Elsewhere in Spadaro's text, the pope also reveals that he has asked Vatican offices to consider revising a 1978 document outlining the relationships between their religious orders and local bishops, calling it "outdated."
That document, called Mutuae Relationes and issued jointly by the Congregation for Bishops and the Congregation for Religious, said that while religious orders have their own organizational structures they are part of the local church and cannot be considered independent from it.
"That document was useful at the time but is now outdated," the pope said. "The charisms of the various institutes need to be respected and fostered because they are needed in dioceses."
"Dialogue between the bishop and religious must be rescued so that, due to a lack of understanding of their charisms, bishops do not view religious simply as useful instruments," the pope said.
Among other issues the pope addresses in his talk with the men religious:
The need of priests to minister "at the periphery" of the church.
Referencing a letter sent from Jesuit Fr. Pedro Arrupe, who led the Jesuit order from 1965-83, the pope said that "real contact" with the poor is necessary to understand poverty:
"This is very important to me: the need to become acquainted with reality by experience, to spend time walking on the periphery in order [to] really become acquainted with the reality and life-experiences of people. If this does not happen we then run the risk of being abstract ideologists or fundamentalists, which is not healthy."
How religious orders should handle the influx of members from Africa and Asia.
"What does the Lord wish to say by sending us vocations from the youngest Churches?" the pope asks. "I don't know. But I ask myself the question. We have to ask it. The Lord's will is somehow in all of this. There are Churches who are bearing new fruit. At one time they perhaps were not so fertile, but they are now. This necessitates, of course, rethinking the inculturation of the charism."
Referencing a saying of Jesuit founder St. Igantius of Loyola that charisms need to lived according to the place, time, and person, Francis continued: "The charism is not a bottle of distilled water. It needs to be lived energetically as well as reinterpreted culturally."
That Christians should make mistakes.
Commenting on updating religious charisms, Francis continues: "In this way there is the danger of making a mistake … of committing errors. It is risky."
"But this should not stop us, because there is the chance of making worse mistakes," he states. "In fact we should always ask for forgiveness and look shamefully upon apostolic failures due to a lack of courage."
That formation for religious priests and brothers is at a different state now than it has been in the past.
"Inculturation today calls for a different attitude," he states. "For example: problems are not solved simply by forbidding doing this or that.
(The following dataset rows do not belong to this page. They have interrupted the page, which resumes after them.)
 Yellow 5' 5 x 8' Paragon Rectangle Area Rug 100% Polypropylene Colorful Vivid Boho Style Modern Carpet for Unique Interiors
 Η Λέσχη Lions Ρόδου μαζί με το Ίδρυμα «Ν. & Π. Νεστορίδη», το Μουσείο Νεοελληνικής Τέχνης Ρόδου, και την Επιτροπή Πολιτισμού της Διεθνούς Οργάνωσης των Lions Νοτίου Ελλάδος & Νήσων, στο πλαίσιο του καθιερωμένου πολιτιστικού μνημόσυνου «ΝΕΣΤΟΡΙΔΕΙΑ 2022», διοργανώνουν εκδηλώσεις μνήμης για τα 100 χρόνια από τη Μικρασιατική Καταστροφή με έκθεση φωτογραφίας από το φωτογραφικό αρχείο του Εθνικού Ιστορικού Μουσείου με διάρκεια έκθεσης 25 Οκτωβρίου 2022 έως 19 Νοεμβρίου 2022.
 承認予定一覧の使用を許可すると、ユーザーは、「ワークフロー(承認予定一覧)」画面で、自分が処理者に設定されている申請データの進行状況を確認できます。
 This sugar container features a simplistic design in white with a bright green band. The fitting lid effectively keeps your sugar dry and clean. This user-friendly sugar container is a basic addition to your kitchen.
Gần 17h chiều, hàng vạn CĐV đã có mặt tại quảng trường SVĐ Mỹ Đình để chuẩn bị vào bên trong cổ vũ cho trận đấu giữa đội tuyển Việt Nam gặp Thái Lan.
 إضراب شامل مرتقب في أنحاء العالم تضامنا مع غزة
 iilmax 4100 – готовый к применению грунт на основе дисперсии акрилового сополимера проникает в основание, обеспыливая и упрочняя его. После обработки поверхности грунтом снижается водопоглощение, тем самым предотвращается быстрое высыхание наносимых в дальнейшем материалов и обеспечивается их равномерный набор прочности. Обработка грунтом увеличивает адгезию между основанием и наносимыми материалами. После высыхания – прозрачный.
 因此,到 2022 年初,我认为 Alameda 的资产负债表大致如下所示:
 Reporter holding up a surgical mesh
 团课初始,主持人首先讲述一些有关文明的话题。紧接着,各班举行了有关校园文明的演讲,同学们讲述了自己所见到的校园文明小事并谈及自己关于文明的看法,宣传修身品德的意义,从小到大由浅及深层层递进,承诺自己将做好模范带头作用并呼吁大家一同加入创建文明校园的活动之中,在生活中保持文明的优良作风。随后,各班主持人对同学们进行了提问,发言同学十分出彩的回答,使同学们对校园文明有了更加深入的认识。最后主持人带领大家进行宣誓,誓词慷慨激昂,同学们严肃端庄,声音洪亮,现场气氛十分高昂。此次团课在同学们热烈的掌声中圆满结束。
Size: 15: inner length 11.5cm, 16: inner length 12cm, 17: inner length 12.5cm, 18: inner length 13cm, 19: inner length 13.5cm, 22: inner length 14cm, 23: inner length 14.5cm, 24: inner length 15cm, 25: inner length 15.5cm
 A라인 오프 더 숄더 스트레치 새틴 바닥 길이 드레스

Dialog as well as confrontation are needed."
Referencing advice he received as a young man to "think clearly and speak obscurely" the pope says "that was a clear invitation to hypocrisy." "We need to avoid that at all costs," he states.
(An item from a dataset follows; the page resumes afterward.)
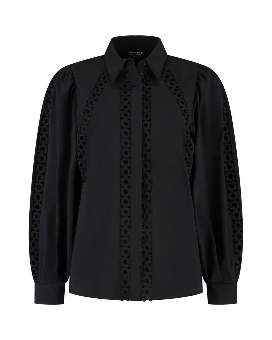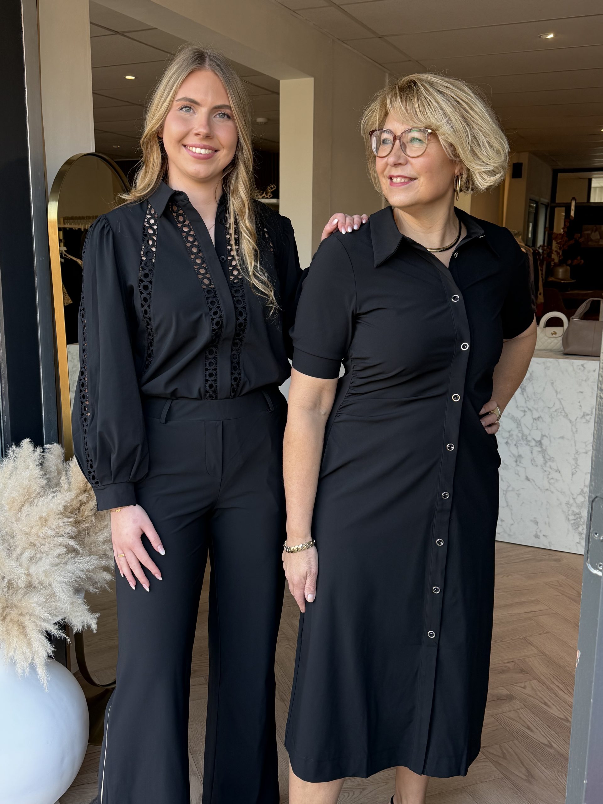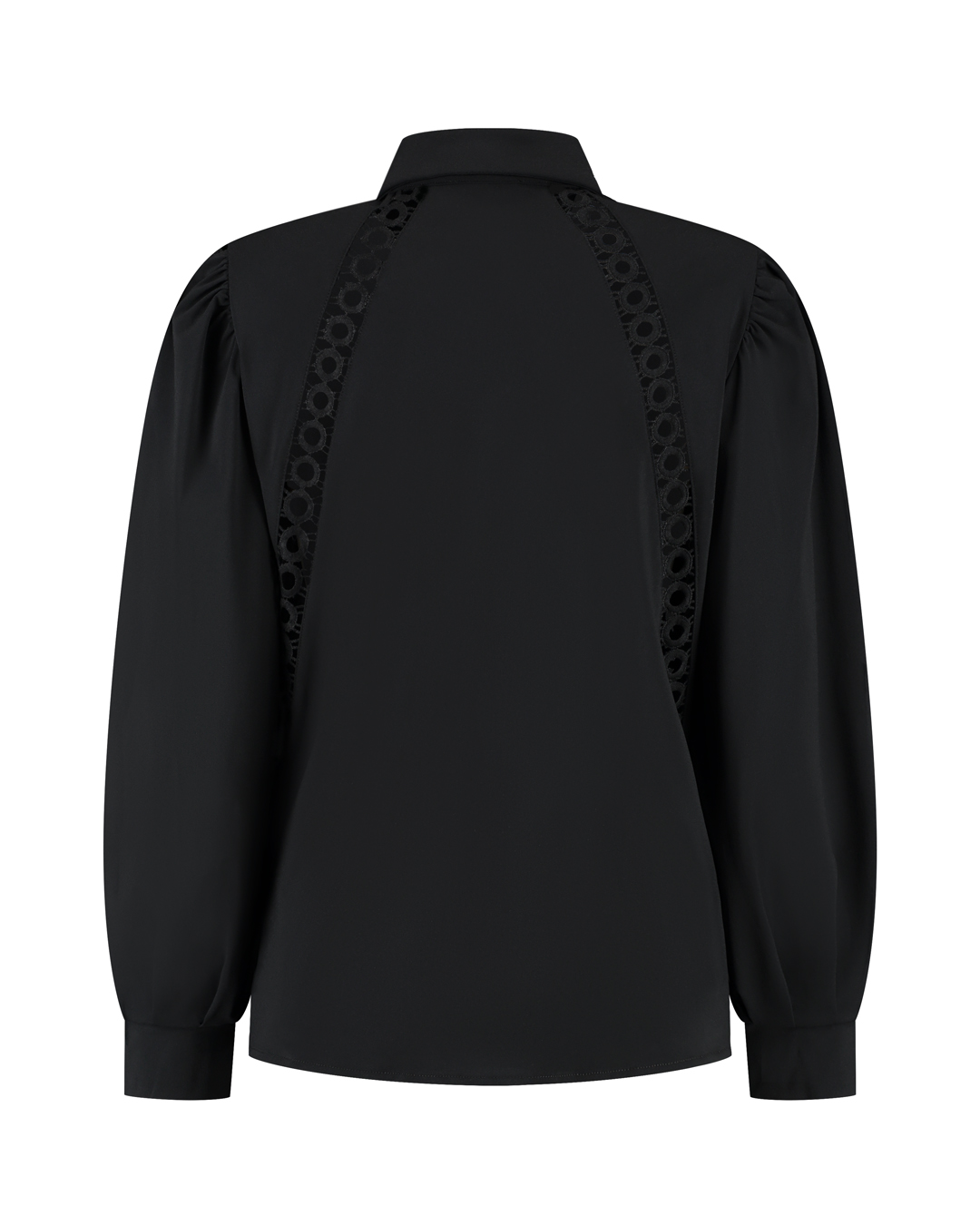 De verfijnde details langs de voorzijde en mouwen geven deze zwarte blouse een elegante en moderne touch. De klassieke kraag en knoopsluiting zorgen voor een tijdloze uitstraling, waardoor dit item zowel zakelijk als casual perfect te dragen is. De diepe zwarte kleur maakt de Emmeline Blouse een veelzijdige toevoeging aan je garderobe.

"Formation is a work of art, not a police action," the pope continues. "We must form their hearts. Otherwise we are creating little monsters. And these little monsters mold the People of God. This really gives me goose bumps."
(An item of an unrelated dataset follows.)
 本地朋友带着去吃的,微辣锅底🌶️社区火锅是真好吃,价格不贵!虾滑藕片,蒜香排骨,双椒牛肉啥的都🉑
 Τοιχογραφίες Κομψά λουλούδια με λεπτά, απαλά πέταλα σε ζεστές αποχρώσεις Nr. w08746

At the center of priestly formation should be concern for lay people.
"We must always think of the faithful, of the faithful people of God," states the pope. "Persons must be formed who are witness of the resurrection of Jesus. The formator should keep in mind that the person in formation will be called to care for the People of God."
"We always must think of the People of God in all of this," he continues. "Just think of religious who have hearts that are as sour as vinegar: they are not made for the people. In the end we must not form administrators, managers, but fathers, brothers, traveling companions."